Aim of the exercise :: What is needed is a word-for-word copy of the lines below from the one with "Sucht man online" through the one with "El Dúo de Sarandí", both included, with every picture left out.

--- Data excerpts ---

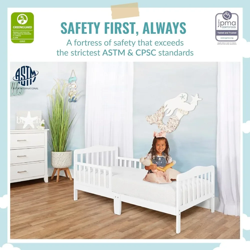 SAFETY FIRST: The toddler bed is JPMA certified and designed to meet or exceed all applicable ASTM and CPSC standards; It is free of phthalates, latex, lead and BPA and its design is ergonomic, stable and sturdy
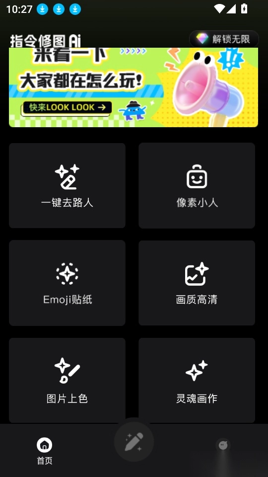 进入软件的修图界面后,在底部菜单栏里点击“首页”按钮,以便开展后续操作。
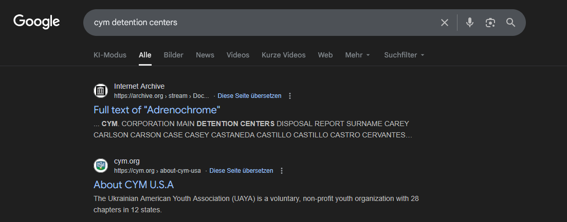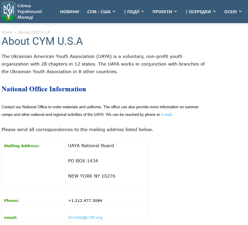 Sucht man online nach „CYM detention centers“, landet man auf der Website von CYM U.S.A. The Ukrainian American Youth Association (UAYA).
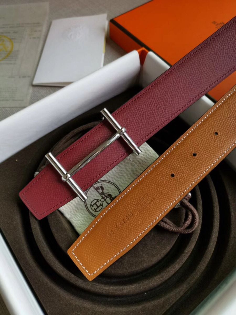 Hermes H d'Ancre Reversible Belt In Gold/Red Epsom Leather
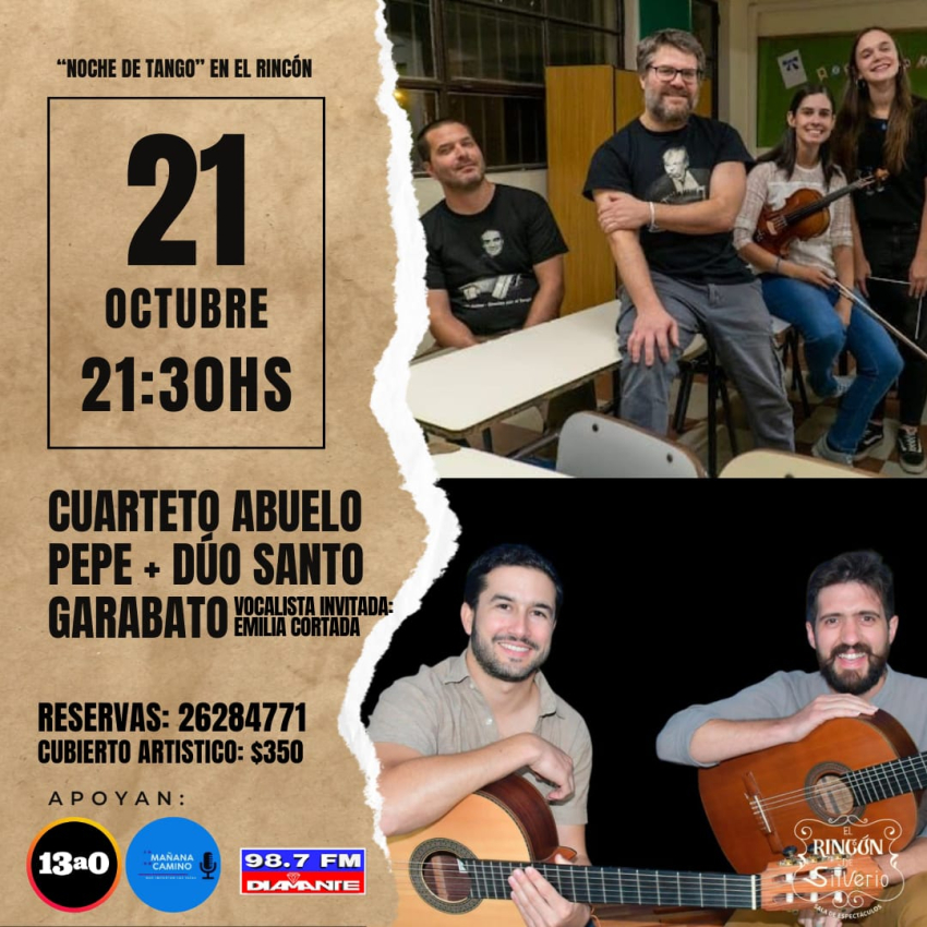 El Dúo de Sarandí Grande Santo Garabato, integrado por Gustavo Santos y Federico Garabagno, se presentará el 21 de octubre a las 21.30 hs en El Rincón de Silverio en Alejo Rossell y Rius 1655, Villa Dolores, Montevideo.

---
--- Data excerpts ---

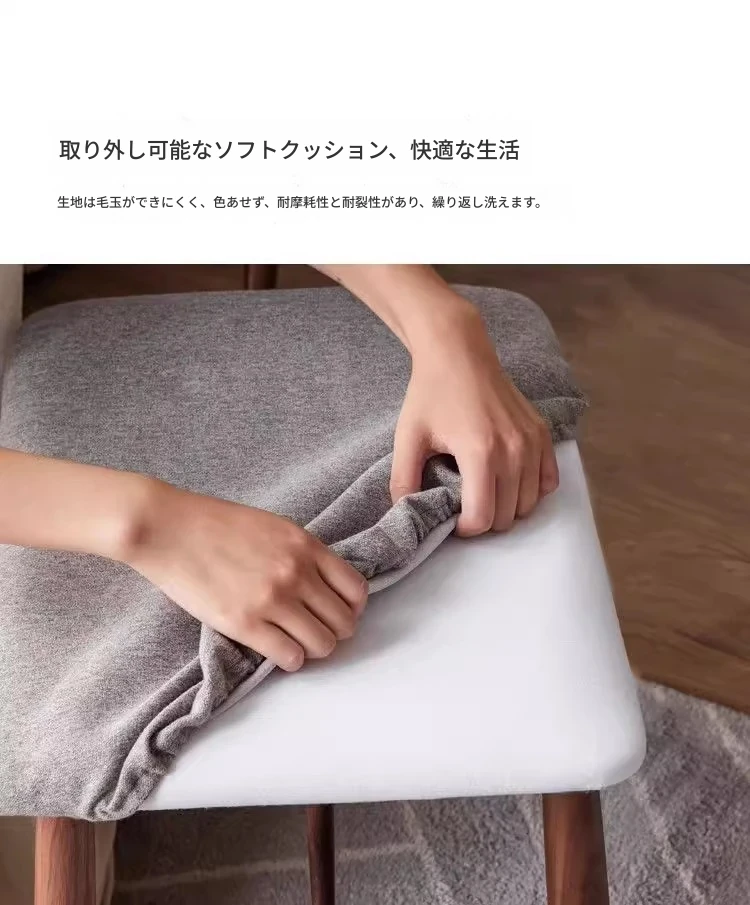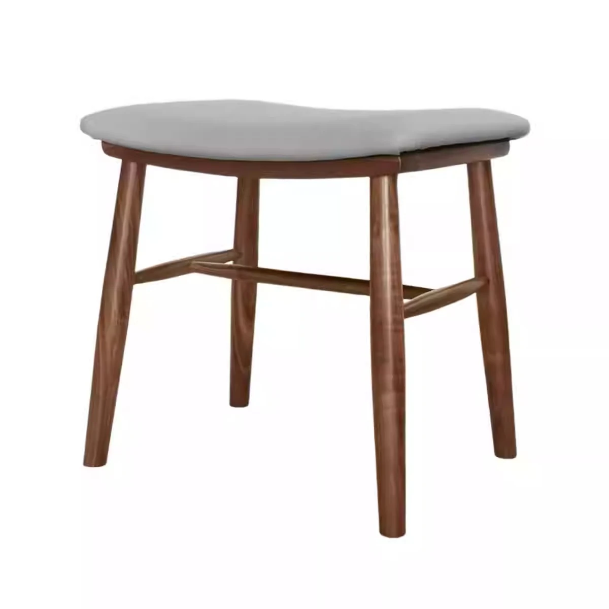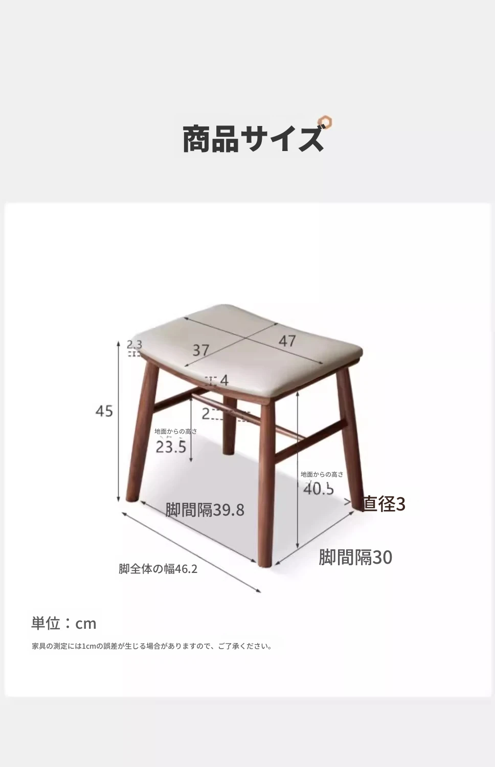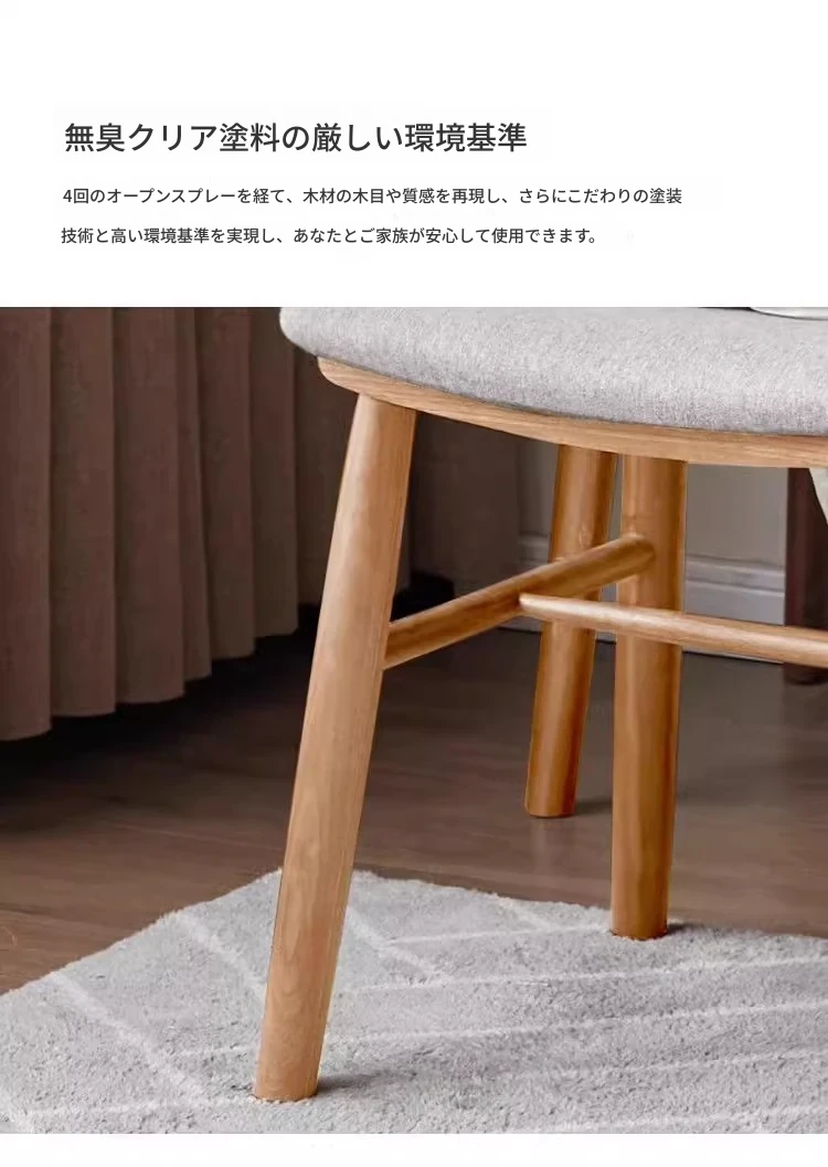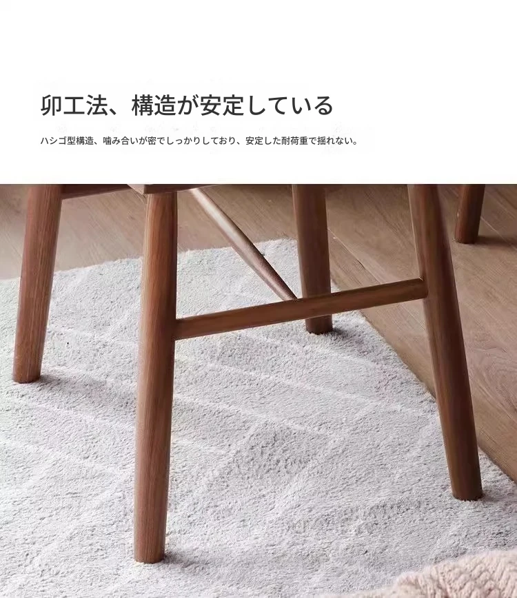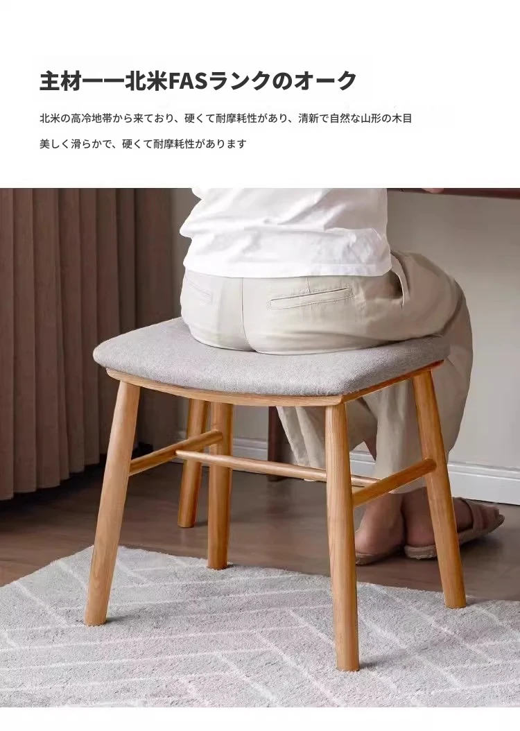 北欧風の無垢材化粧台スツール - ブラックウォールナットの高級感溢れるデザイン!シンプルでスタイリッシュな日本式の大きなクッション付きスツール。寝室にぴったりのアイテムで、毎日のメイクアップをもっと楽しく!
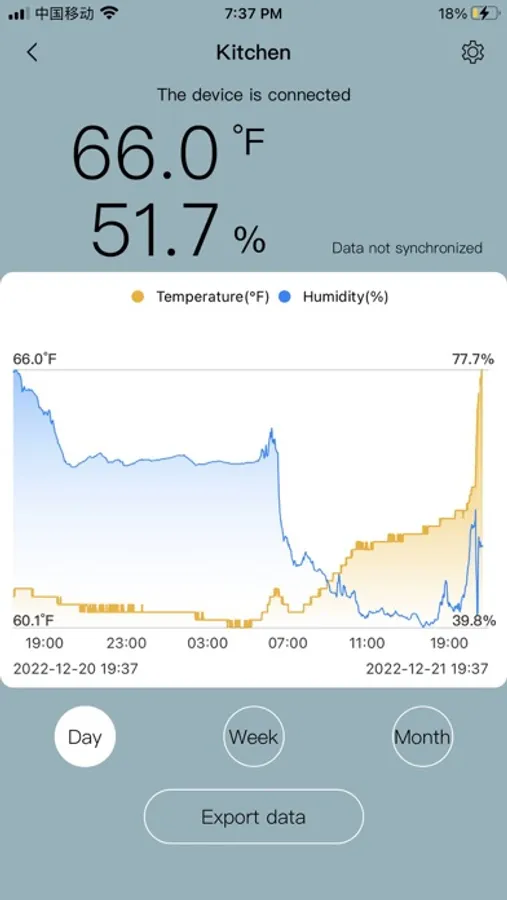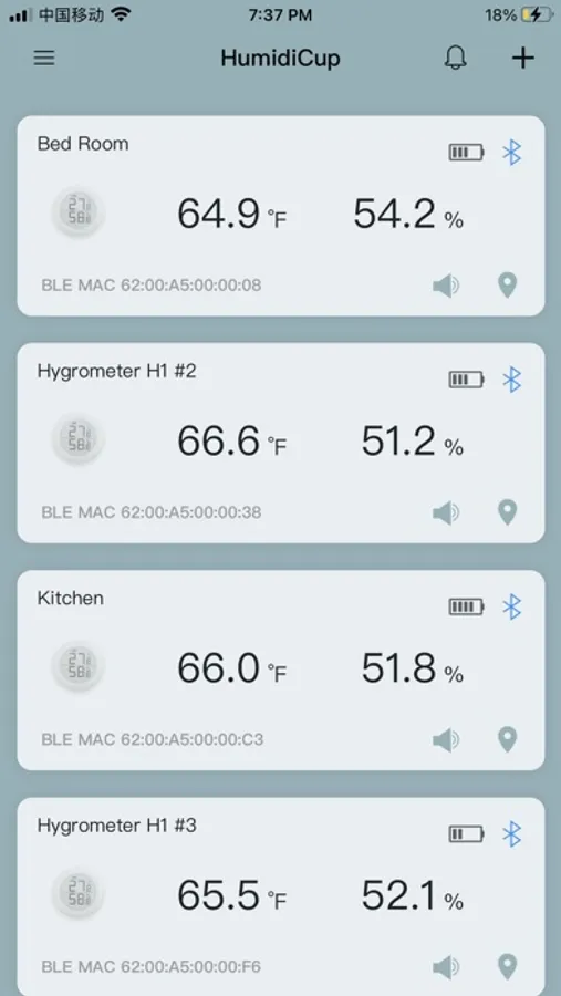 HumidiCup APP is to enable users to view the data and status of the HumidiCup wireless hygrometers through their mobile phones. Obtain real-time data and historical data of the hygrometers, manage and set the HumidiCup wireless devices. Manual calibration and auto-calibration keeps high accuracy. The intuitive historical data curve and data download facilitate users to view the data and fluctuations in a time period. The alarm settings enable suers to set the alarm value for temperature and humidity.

---

Exercise answer ::
 Sucht man online nach „CYM detention centers“, landet man auf der Website von CYM U.S.A. The Ukrainian American Youth Association (UAYA).
 Hermes H d'Ancre Reversible Belt In Gold/Red Epsom Leather
 El Dúo de Sarandí Grande Santo Garabato, integrado por Gustavo Santos y Federico Garabagno, se presentará el 21 de octubre a las 21.30 hs en El Rincón de Silverio en Alejo Rossell y Rius 1655, Villa Dolores, Montevideo.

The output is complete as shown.